Еще в годы учебы в университете Святого Владимира в Киеве Булгаков увлекся учением Фридриха Ницше, порвал с Богом, уверовал в свою исключительность и великое (как вскоре он для себя выяснил) предназначение. Эгоизм Булгакова, как считала его сестра Надежда, питался необузданной «сатанинской гордостью»: людьми для него, как и для его любимого Воланда, были лишь те, кто с ним, точнее – за ним безоглядно; он бросал друзей, портил отношения с родными, даже жен менял как раз в тот момент, когда это было нужно его ego. «У Миши, – говорила его сестра, – терпимости не было».
2 сентября 1923 г., когда Булгаков еще ничего по сути не написал, он тем не менее уверенной рукой выводит в дневнике: «… в гнусной комнате гнусного дома у меня бывают взрывы уверенности и силы. И сейчас я слышу в себе, как взмывает моя мысль, и верю, что неизмеримо сильнее как писатель всех, кого я ни знаю. Но в таких условиях, как сейчас, я, возможно, пропаду».

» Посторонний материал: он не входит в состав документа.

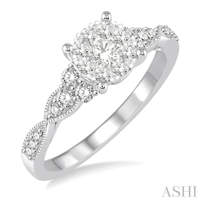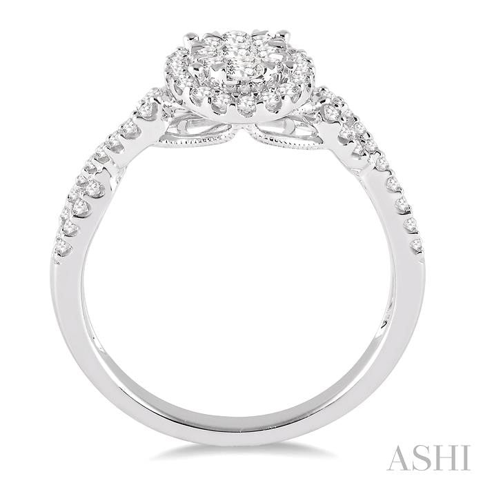 A marvel that is both delicate yet powerful in its brilliance, this round Lovebright engagement ring with 23 radiant round cut diamonds is astounding in its beauty. The diamonds in the center are invisible set while those on the periphery are prong set. This exquisite ring is cast in milgrain finish in 14 karat White Gold. Total diamond weight is 1/2 Ctw. Other metal types & colors may be available.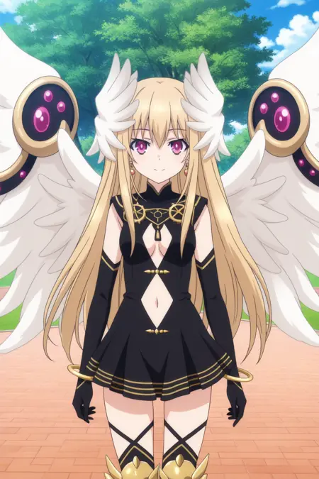 aamayuri, 紫色の目, 金髪, 頭に羽, mayurispirit, 黒いドレス, 短いドレス, 衣装のカットアウト, 胸元のカットアウト, おへそのカットアウト, 黒い手袋, 肘までの手袋, 金色のブレスレット, 膝上のブーツ, 脛当て, 白い翼, アニメ風色塗り,

Вполне допустимо, что и в своих известных посланиях Правительству и лично И.В. Сталину Булгаков позволял себе «невоз-можное» в силу все того же ницшеанского эгоцентризма, для которого нет ничего невозможного, если того хочет мое «Я». Оттого для Булгакова даже Сталин был хоть и всемогущим, но не всесветным. Всё – только он! Уверовав в это сам, он тут же и страх потерял, да и осторожность, контролировавшая ранее его язык, ушла напрочь; он мгновенно утратил ту совковую интеллигентскую «шарико-вость», которой страдали практически все его современники.
Еще один нюанс – в том, что Булгаков начал писать в годы революции, выбор тем для творчества тогда диктовала лишь его внутренняя потребность художника, никаких привходящих обстоятельств еще не было, а когда они появились, он уже полностью, как писатель со своей нишей общения, сформировался, и тут же обозначились непримиримые противоречия между его желаниями, чт'o писать, и желаниями власти, чт'o печатать. Пропасть с годами лишь расширялась.

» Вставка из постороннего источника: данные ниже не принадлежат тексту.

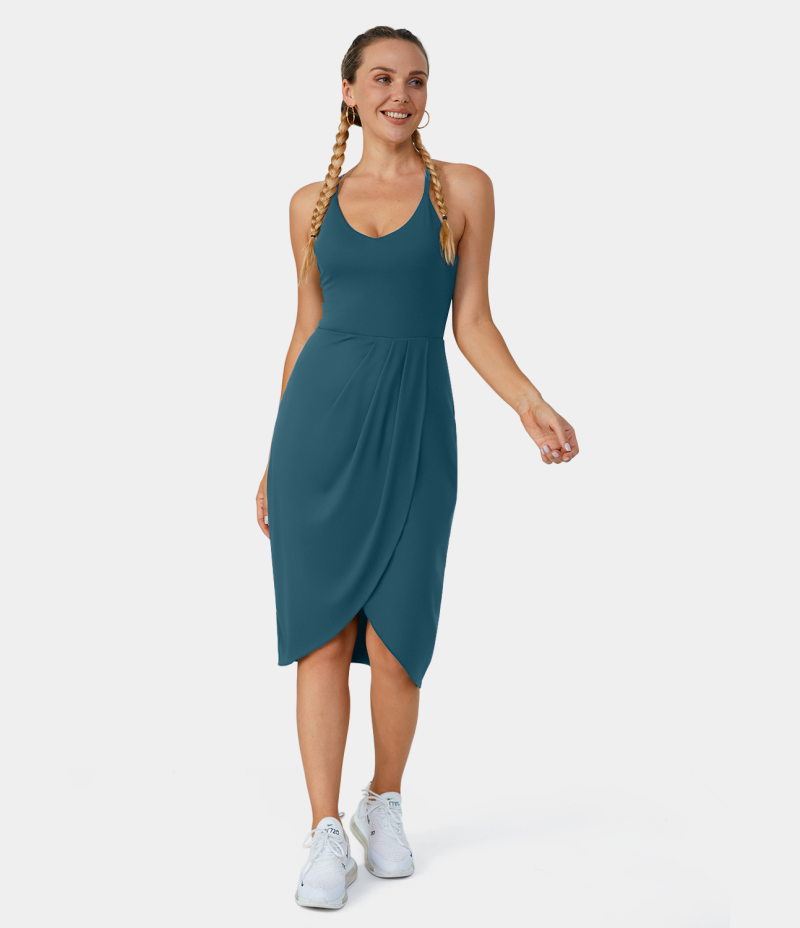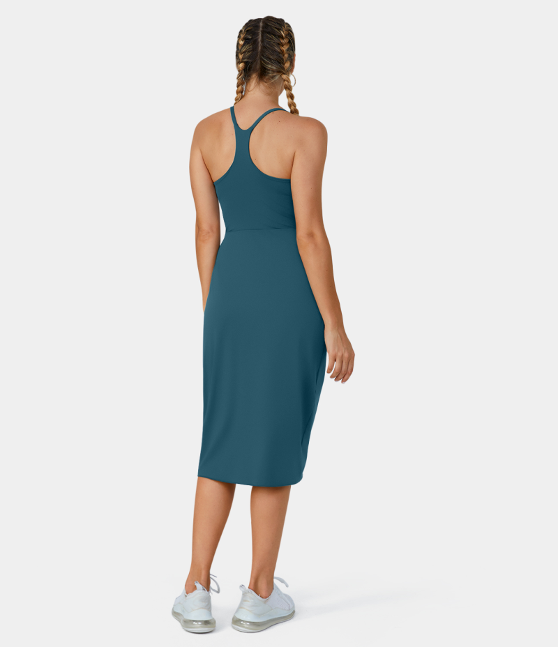 Halara Backless Racerback Split Asymmetric Hem Ruched Casual Midi-No Liner Shorts Women's Dress Indian Teal | 209187-LGX

В 1926 г. Булгакова допрашивали в ОГПУ (об этом – далее). Так вот, в протоколе допроса с его слов записано, что деревню он «не любит», о рабочих ему писать неинтересно и он не будет о них писать. И далее: «Я всегда пишу по чистой совести и так, как вижу». Причем не скрывает – ему интереснее отрицательные стороны жизни (писать о положительных и без него тьма желающих). «Я – сатирик».

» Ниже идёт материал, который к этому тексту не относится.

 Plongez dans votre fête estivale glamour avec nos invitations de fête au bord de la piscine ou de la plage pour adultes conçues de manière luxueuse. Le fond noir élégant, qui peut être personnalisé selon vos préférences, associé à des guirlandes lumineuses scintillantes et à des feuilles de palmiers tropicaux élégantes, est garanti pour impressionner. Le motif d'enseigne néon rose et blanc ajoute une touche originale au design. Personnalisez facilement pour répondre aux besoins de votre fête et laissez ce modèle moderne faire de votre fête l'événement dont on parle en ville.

А через четыре года в письме Правительству СССР от 28 марта 1930 г. Булгаков проставит все точки над i: он видит главную причину своих писательских бед в упорном изображении «русской интеллигенции как лучшего слоя в нашей стране».
И это верно. Большевики интеллигенцию терпеть не могли. Булгаков же ее живописал. Причем любил он интеллигенцию не всякую, а только русскую. Советская же интеллигенция для него – это Шариковы, только в очках и шляпах да еще с бородкой клинышком. И еще перепуганные насмерть. Такие интеллигенты были не в оппозиции к власти, а славили ее, верили ей. Страх советского интеллигента настолько подавлял совесть, что даже интимные дневники многие вели с оглядкой на ОГПУ: сделают обыск, изымут, прочтут, порадуются – свой. И отпустят.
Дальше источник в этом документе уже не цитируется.